Before Explainable ML, a market researcher would be laughed off the stage if they presented a machine learning model as insight. How long until they are laughed off because they don't have ML?

Were my six-year-old self to stumble across a new swear word, my mother would threaten to put mustard on my tongue. This sent me screaming around the house , my little arms flailing in terror. Silly as it seems now, I have levelled the same at my own students, should they suggest that correlation implies causation. To a statistician, there are few ideas more profane.

Interpreting data in this way means that you live in a world where ice-cream causes drowning and washing your car causes it to rain. In reality, we buy ice-cream and swim at the same time of year and, sometimes, it rains. No matter how intuitive or consistent correlations appear, they are invitations to overestimate, to claim insight where there is none or misinterpret reality entirely.

As humans, we naturally want to think in these terms, and as researchers, we want to explain why things happen. So, what does it mean to cause something? Philosophy lends us a useful trick – the study of counterfactuals. The counterfactual framework of causal inference assumes that an individual can have many causal states with more than one potential outcome at a time. The difference between what might have happened and what actually happened is inferred to be the cause. Simple enough, right? No. Not really.
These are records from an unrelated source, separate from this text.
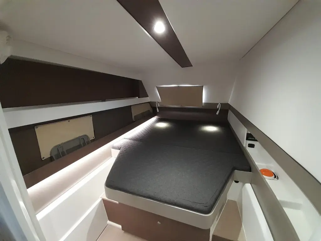 Additional top deck 2-person sun-bathing area with leatherette cushions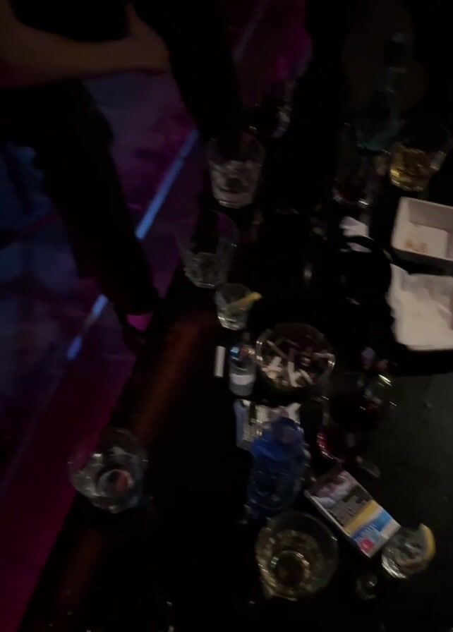table covered with glasses, cigarettes, and trash, probably left behind by patrons at a nightclub. The camera pans up to show a crowded club, with people mingling and talking amidst the flashing lights. A man briefly glances at the camera.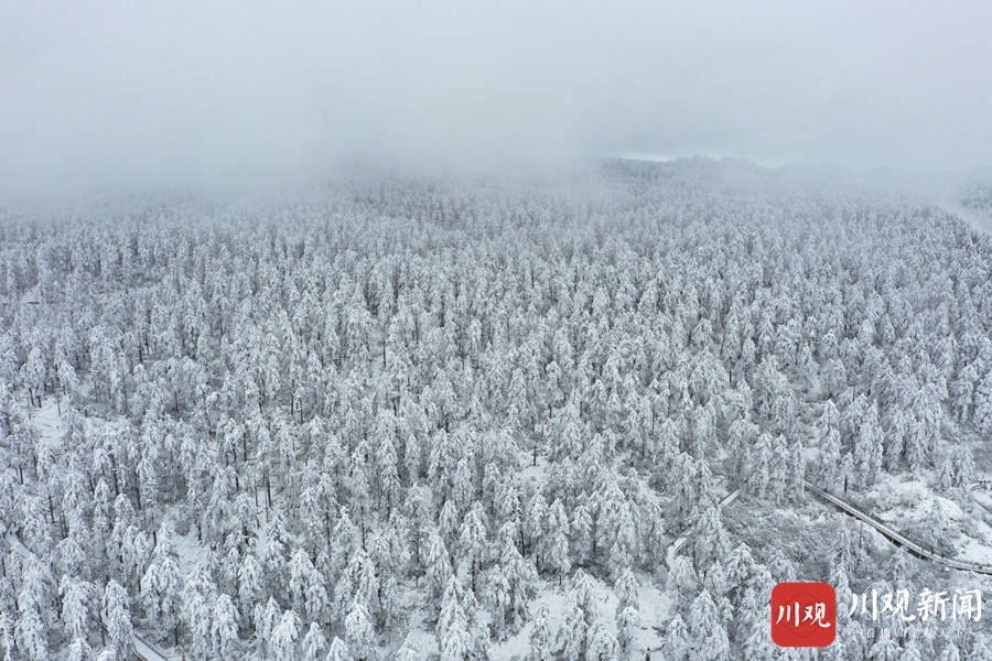 2020年12月16日,俯瞰四川省眉山市洪雅县瓦屋山,银装素裹大美如画。进入冬季,瓦屋山成为南国冰雪休闲旅游的好去处。

For example, can we prove our sponsorship campaign causes sales to increase? To isolate causality, we need enough information to answer some ‘What happens if…?’ questions about both the customer and campaign.

At an individual level, we might observe a customer buying our product after being exposed to the campaign. Our first counterfactual is that the customer would have bought our product regardless. Counterfactuals are the things that could have happened but didn’t.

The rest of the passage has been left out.